John Phillips Memorial Park, located at 2201 Otter Point Rd., serves a wide range of community needs. The Sooke Lions Club is proposing a community centre for the seven-hectare park. (File – District of Sooke)

John Phillips Memorial Park, located at 2201 Otter Point Rd., serves a wide range of community needs. The Sooke Lions Club is proposing a community centre for the seven-hectare park. (File – District of Sooke)

Sooke will seek public input on John Phillips Memorial Park

Sooke Lions Club proposes building community centre in park

With controversy swirling around a plan to build a community centre in John Phillips Memorial Park, Sooke council is asking staff for a report on lease details, the development permit process and options for more public input.

District staff released a report on Sept. 20 outlining three ways council could proceed with the project that will be built in a 1.9-acre portion of the park.

The options included asking staff to begin negotiating terms of the lease, carry out an assent vote, or abandon the project.

Instead, council opted for more information and community input.

“There are valid concerns coming from the community,” said Mayor Maja Tait. “We’re still at a point where we are receiving information, and we still need to decide on it.”

RELATED: Lions eye community centre at John Phillips Park in Sooke

In July, the district announced that the Sooke Lions Club proposed building a multi-use community building on the south end of John Phillips Memorial Park.

Plans include building a two-storey structure to accommodate a daycare facility, a concession, a 300-person capacity hall, parking facilities, an outdoor stage for community events and an emergency reception centre.

Part of the plan includes the Sooke Lions Club selling a piece of property it owns at 2008 Murray Rd. to the district to build the community centre and receive a long-term lease at the park.

But as soon as the project was announced, many questioned why the district was using parkland for a community centre and whether other locations were more suitable.
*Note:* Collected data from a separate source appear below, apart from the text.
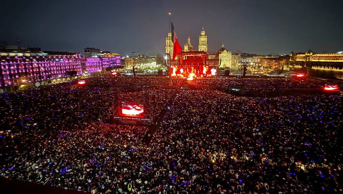 Una vez dentro, la colombiana se preparó y, al igual que en 2007, salió al escenario del Zócalo para ofrecer un concierto gratuito ante miles de personas.
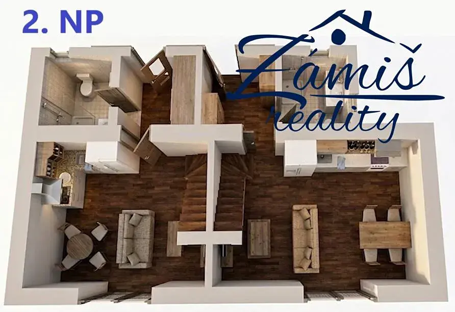 Pro dům máme vytvořenu architektonickou studii - přestavbu na 3 byty, které budou pronajímány. Tato studie je znázorněna na vizualizacích mezi fotografiemi. Ve studii je počítáno i s půdní vestavbou.
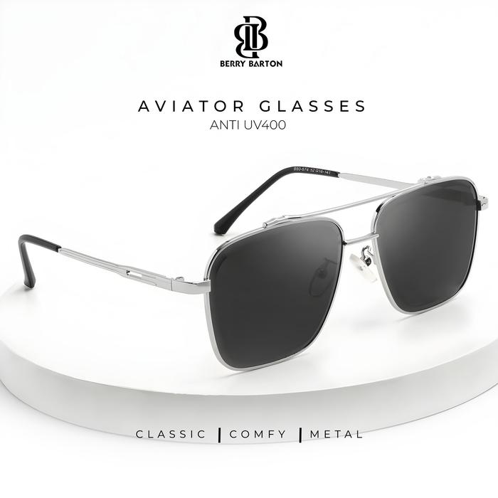 Berrybarton - Kacamata Hitam Anti UV400 Sunglasses Anti Silau Kacamata Aviator Metal Pria Wanita 80-674

Those opposed to the project also asked why more information wasn’t available.

RELATED: Sooke Lions Club project clears alternative approval process

The Lions club plan is not a district-led project.

“The district as the landowner received a proposal from Lions, similar to when developers or other community groups want to progress a project,” Tait said.

“We’re keepers of the process and required (by provincial government legislation) to follow certain processes.”

As John Phillips Memorial Park is dedicated parkland, a lease cannot be signed without the approval of electors. Council held an alternate approval process (AAP).

Under the AAP, at least 10 per cent of qualified voters must register opposition. The park plan received a response of 9.13 per cent or 1,026 votes.

“The process as it stands now allows for much more community input,” said Coun. Tony St-Pierre. “This is not the end of community input.”

EDITORIAL: Urban parks are meant to be used by everyone

It’s been no secret over the last 16 years, the district has formulated plans for John Phillips Memorial Park. A new library, dog park, horseshoe pitches, community amenity building, bike park and many other amenities have been considered. Some projects went to other areas of town, while others remain in district plans.

In 2005, after the district acquired the parkland, public comment was sought, and a committee was struck to find out what Sooke residents wanted to do with John Phillips Memorial Park. They produced a visioning document that has been ratified several times over by preceding councils.

“(John Phillips Memorial Park) is not meant as a passive park. It’s not what the future needs,” said St-Pierre.

“People are talking about biodiversity. It used to be a golf course, and meanwhile, we have houses all around (the park) and a deep need for walkable amenities. This is not about reducing biodiversity. This is a necessity for our future.

“This park could be so much more, and it’s up to the community.”

It was a sentiment echoed by most members of council, including Tait and Coun. Dana Lajeunesse.

“We need to grow up as a community and have some more modern facilities,” Lajeunesse said.